Data items:
+-------+

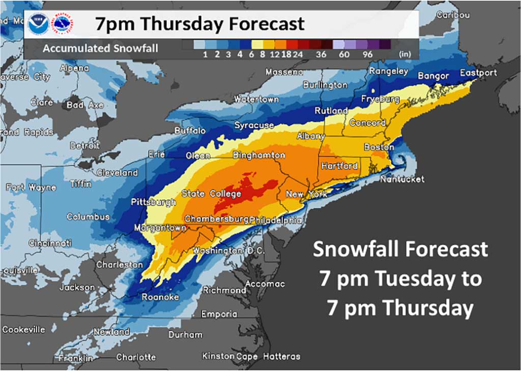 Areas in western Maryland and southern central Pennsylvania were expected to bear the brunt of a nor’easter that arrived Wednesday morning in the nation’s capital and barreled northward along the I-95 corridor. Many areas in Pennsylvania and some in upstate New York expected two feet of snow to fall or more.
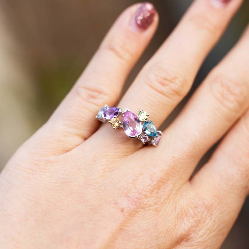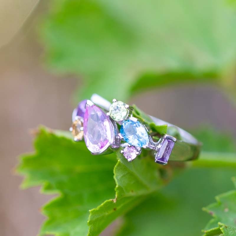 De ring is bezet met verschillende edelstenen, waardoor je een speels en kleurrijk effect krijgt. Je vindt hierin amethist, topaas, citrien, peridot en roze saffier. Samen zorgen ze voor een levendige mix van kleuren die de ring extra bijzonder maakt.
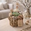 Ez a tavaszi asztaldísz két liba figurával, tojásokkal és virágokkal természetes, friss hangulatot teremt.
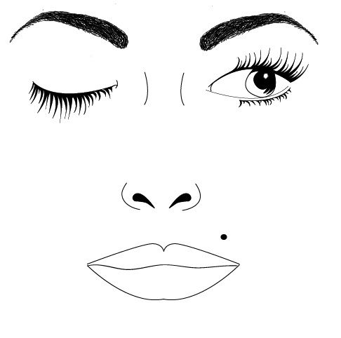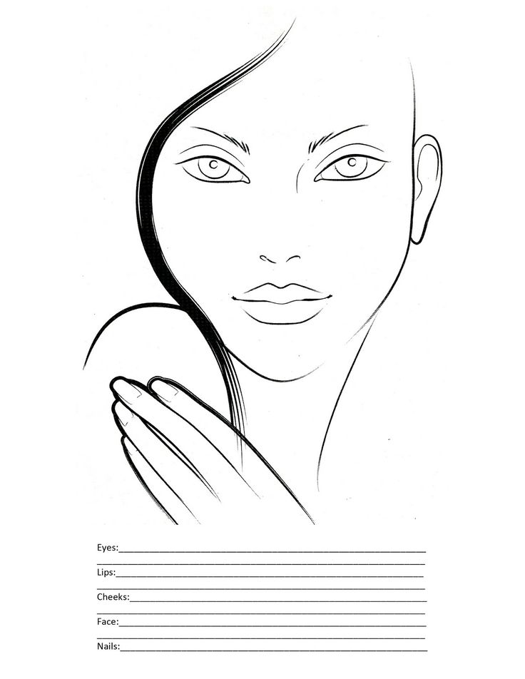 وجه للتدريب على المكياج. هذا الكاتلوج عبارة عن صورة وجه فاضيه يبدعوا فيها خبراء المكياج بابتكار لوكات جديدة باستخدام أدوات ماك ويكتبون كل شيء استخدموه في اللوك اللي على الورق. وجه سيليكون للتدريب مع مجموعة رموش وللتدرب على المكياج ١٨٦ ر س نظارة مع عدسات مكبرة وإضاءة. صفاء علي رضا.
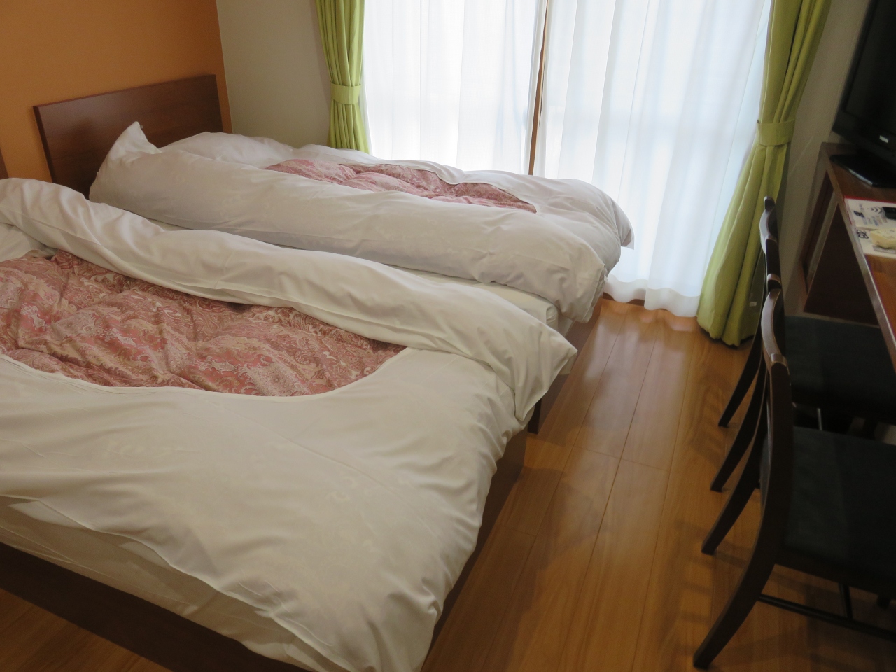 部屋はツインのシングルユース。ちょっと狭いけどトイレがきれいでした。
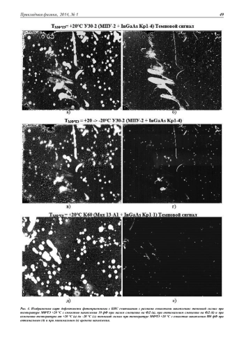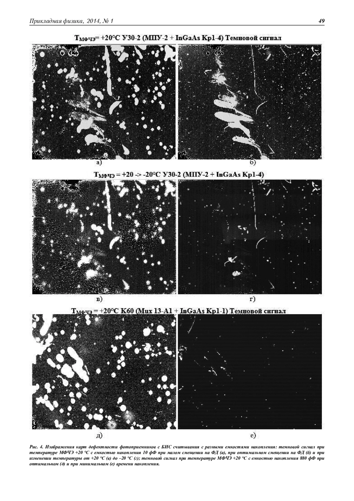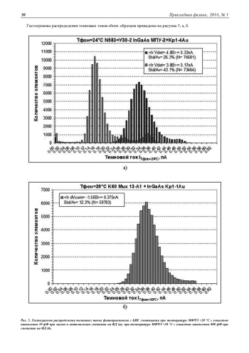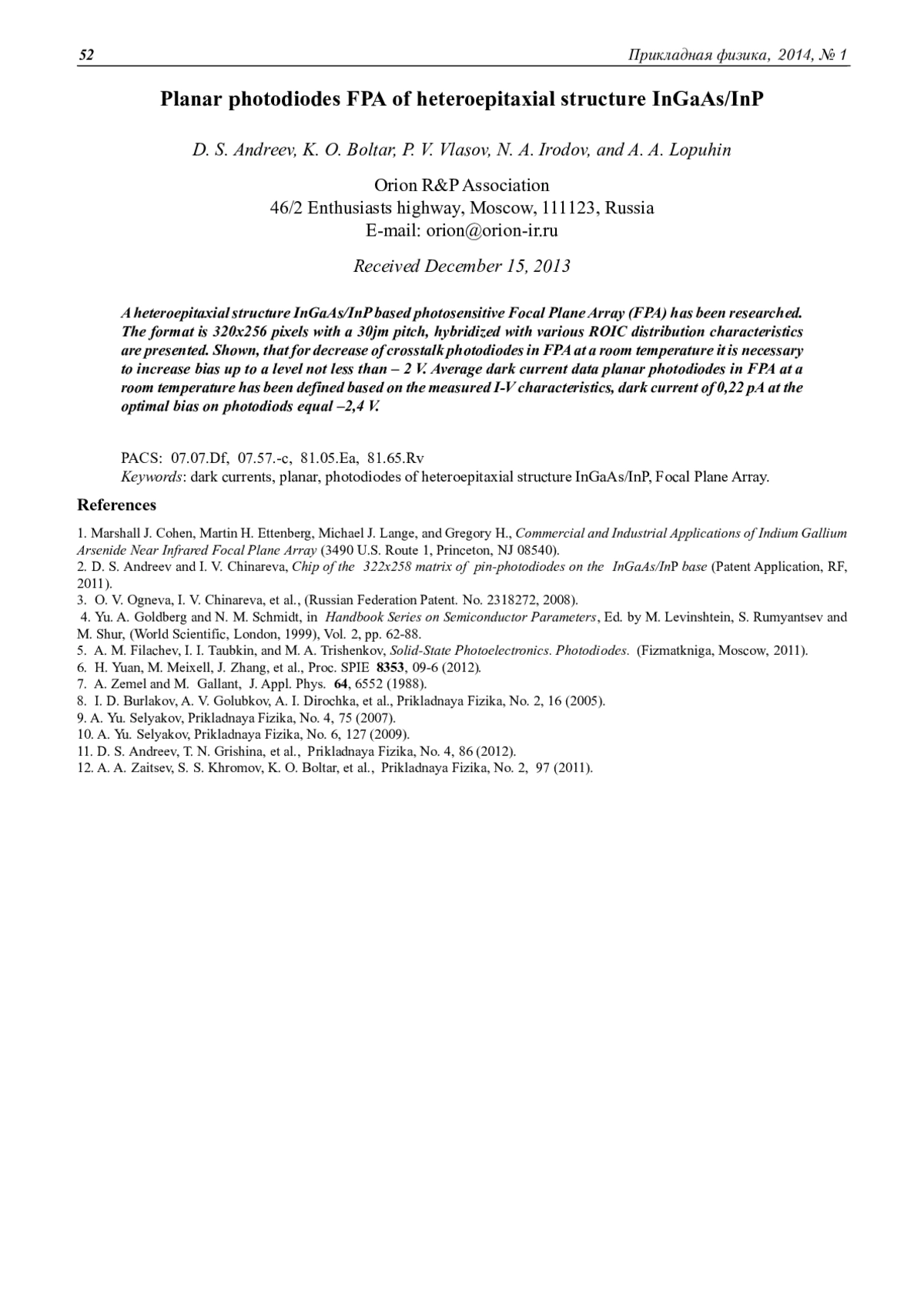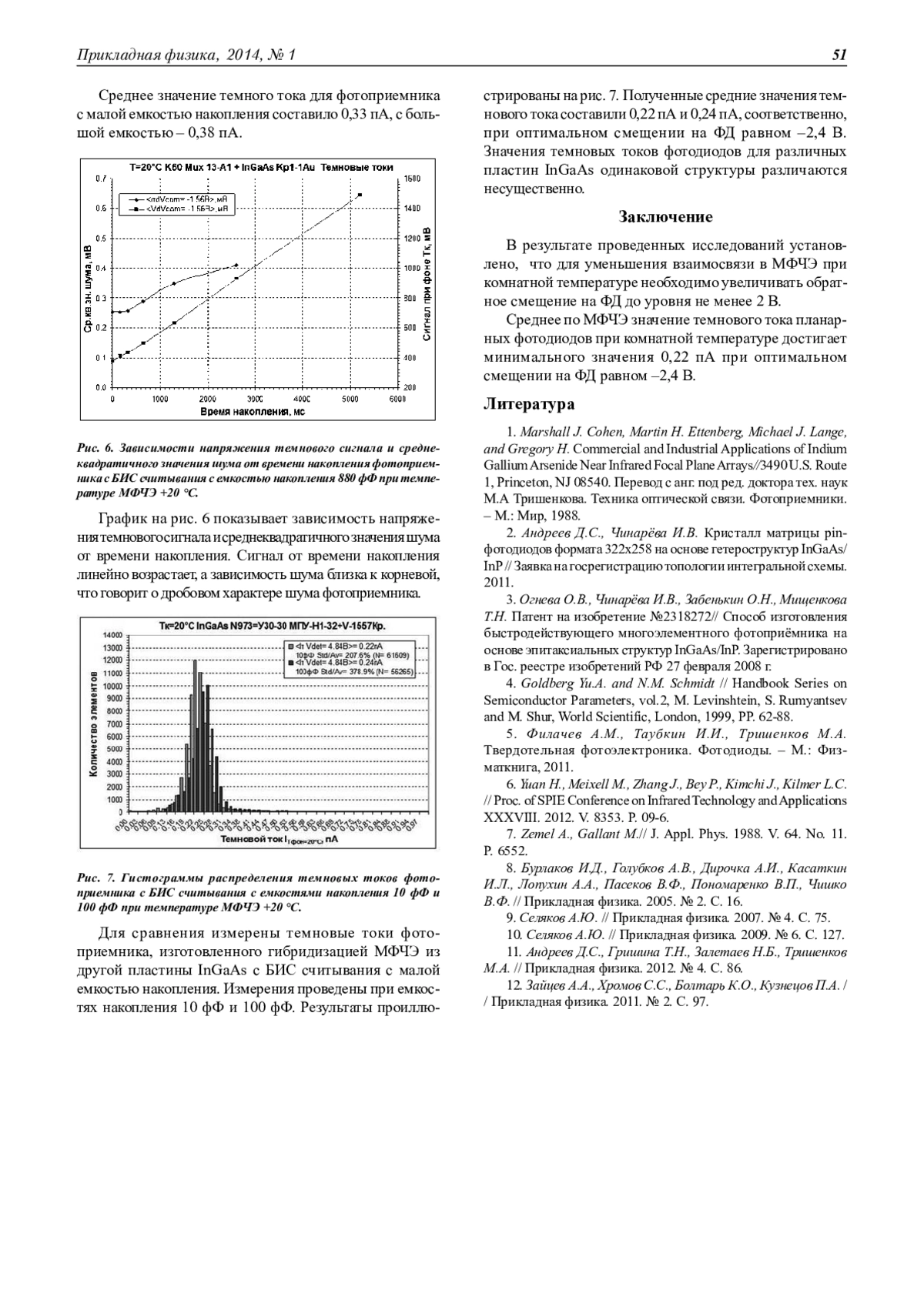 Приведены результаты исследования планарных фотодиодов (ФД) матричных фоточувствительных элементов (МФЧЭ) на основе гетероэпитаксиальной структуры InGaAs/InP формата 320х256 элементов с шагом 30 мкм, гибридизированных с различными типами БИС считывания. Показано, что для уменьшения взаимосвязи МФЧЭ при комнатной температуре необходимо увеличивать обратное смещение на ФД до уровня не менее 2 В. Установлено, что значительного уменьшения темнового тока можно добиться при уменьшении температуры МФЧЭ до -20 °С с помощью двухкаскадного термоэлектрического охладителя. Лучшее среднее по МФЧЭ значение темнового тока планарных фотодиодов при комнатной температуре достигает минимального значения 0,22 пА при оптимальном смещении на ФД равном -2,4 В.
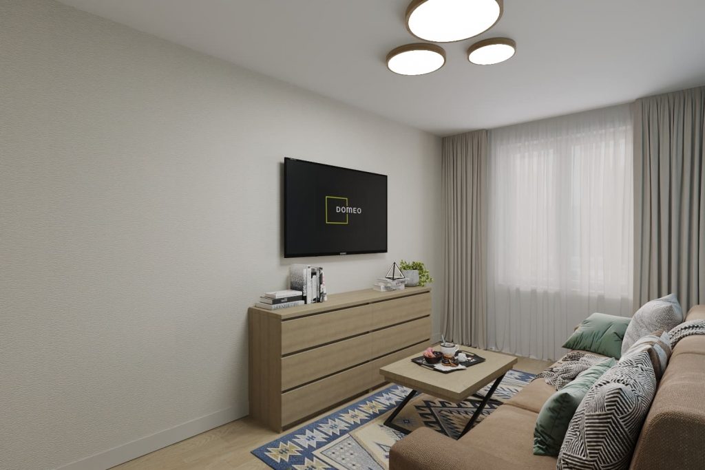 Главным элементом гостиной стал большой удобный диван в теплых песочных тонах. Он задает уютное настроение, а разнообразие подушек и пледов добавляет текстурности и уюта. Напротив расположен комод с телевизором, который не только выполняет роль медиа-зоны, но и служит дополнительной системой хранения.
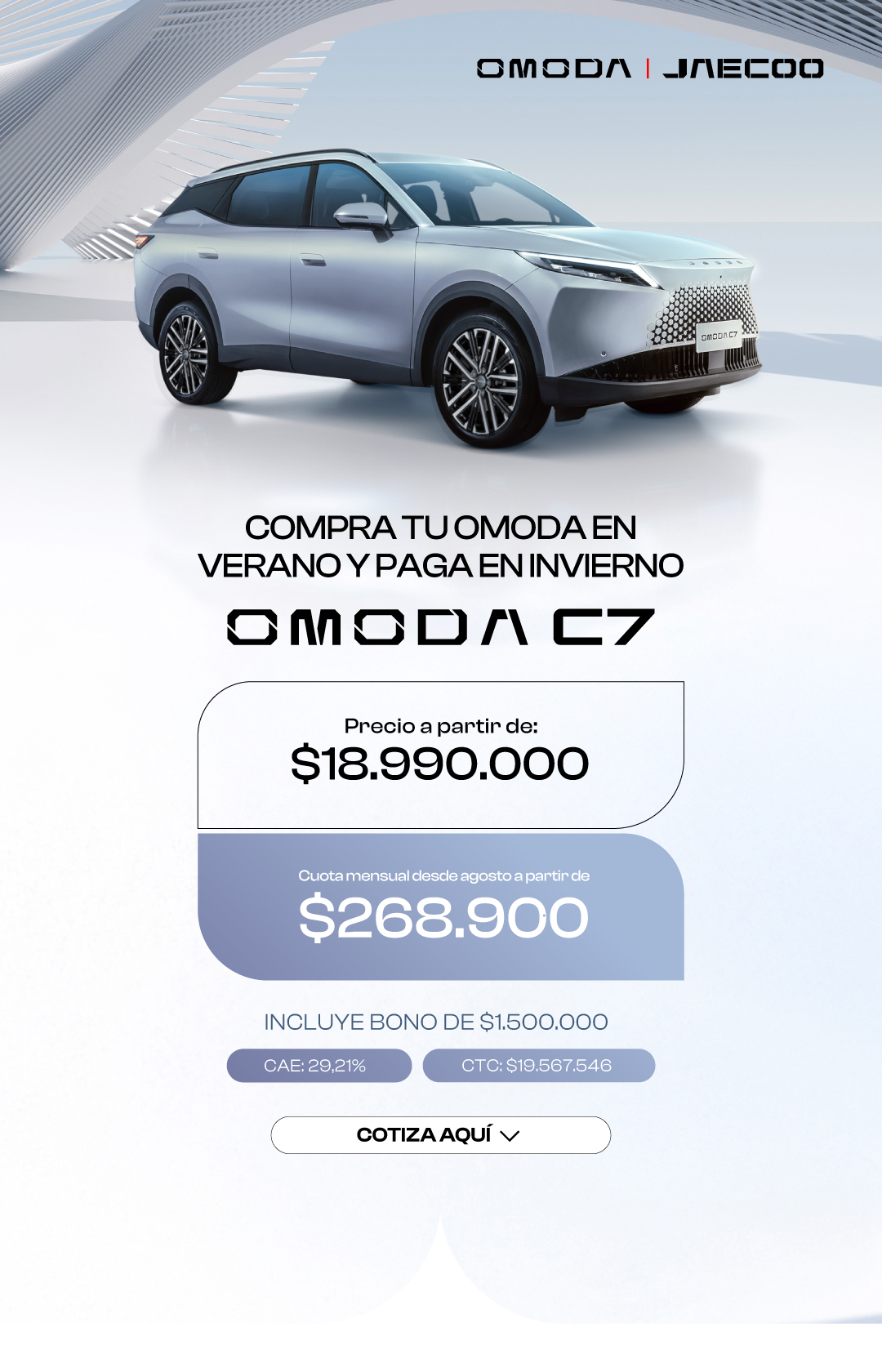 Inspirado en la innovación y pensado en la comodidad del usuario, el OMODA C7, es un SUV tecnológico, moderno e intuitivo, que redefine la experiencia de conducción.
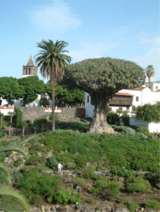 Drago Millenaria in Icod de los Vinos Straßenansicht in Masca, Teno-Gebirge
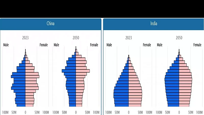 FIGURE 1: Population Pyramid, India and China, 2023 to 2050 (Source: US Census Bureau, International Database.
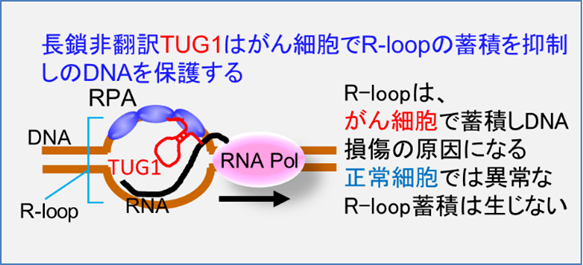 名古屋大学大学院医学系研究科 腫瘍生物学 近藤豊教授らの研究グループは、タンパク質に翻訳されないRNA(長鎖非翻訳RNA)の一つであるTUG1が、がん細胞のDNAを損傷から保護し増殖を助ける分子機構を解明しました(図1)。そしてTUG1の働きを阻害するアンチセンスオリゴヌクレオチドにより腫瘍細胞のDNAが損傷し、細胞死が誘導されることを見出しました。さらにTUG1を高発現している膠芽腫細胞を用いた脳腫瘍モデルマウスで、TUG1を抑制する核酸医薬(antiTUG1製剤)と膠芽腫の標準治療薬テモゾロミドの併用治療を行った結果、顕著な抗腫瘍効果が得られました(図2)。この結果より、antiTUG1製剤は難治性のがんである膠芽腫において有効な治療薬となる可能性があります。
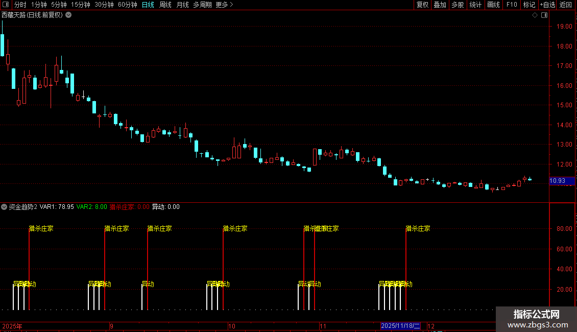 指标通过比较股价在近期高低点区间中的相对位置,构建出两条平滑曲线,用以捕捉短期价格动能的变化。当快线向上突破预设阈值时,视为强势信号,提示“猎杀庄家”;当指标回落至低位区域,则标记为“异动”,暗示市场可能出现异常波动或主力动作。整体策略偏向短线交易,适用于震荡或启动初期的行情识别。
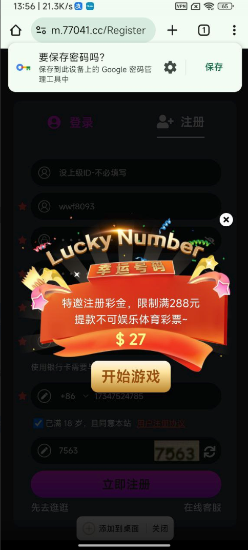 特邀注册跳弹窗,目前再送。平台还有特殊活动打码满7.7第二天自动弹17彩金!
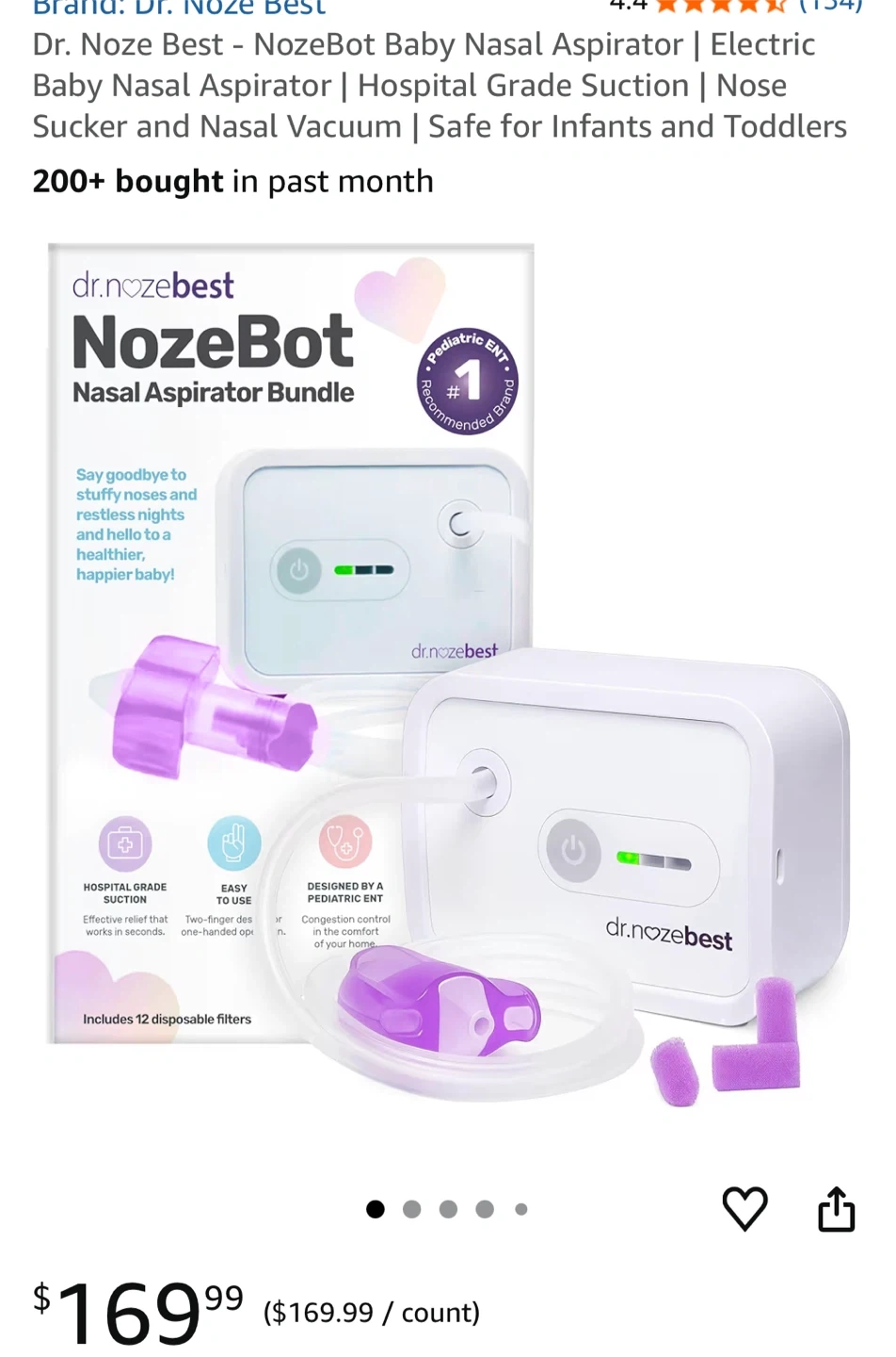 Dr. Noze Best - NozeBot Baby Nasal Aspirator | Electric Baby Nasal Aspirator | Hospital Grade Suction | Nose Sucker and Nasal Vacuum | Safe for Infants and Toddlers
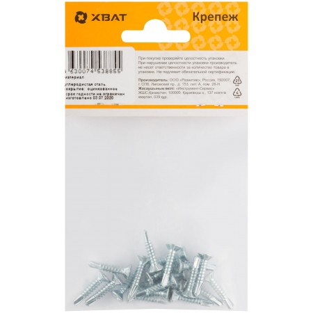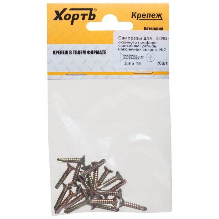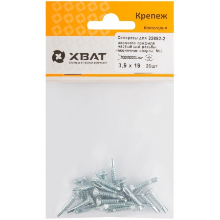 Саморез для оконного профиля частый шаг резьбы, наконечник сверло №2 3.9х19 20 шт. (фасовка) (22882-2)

+-------+

# TASK DIRECTIONS
Your reply should consist solely of the lines above from the line containing "Inspirado en la" up to and including the line containing "特邀注册跳弹窗,目前再送。平台还有特殊活动打码满7.7第二天自动弹17彩金!", reproduced exactly, minus the pictures.

# ANSWER TO THE PROBLEM
 Inspirado en la innovación y pensado en la comodidad del usuario, el OMODA C7, es un SUV tecnológico, moderno e intuitivo, que redefine la experiencia de conducción.
 Drago Millenaria in Icod de los Vinos Straßenansicht in Masca, Teno-Gebirge
 FIGURE 1: Population Pyramid, India and China, 2023 to 2050 (Source: US Census Bureau, International Database.
 名古屋大学大学院医学系研究科 腫瘍生物学 近藤豊教授らの研究グループは、タンパク質に翻訳されないRNA(長鎖非翻訳RNA)の一つであるTUG1が、がん細胞のDNAを損傷から保護し増殖を助ける分子機構を解明しました(図1)。そしてTUG1の働きを阻害するアンチセンスオリゴヌクレオチドにより腫瘍細胞のDNAが損傷し、細胞死が誘導されることを見出しました。さらにTUG1を高発現している膠芽腫細胞を用いた脳腫瘍モデルマウスで、TUG1を抑制する核酸医薬(antiTUG1製剤)と膠芽腫の標準治療薬テモゾロミドの併用治療を行った結果、顕著な抗腫瘍効果が得られました(図2)。この結果より、antiTUG1製剤は難治性のがんである膠芽腫において有効な治療薬となる可能性があります。
 指标通过比较股价在近期高低点区间中的相对位置,构建出两条平滑曲线,用以捕捉短期价格动能的变化。当快线向上突破预设阈值时,视为强势信号,提示“猎杀庄家”;当指标回落至低位区域,则标记为“异动”,暗示市场可能出现异常波动或主力动作。整体策略偏向短线交易,适用于震荡或启动初期的行情识别。
 特邀注册跳弹窗,目前再送。平台还有特殊活动打码满7.7第二天自动弹17彩金!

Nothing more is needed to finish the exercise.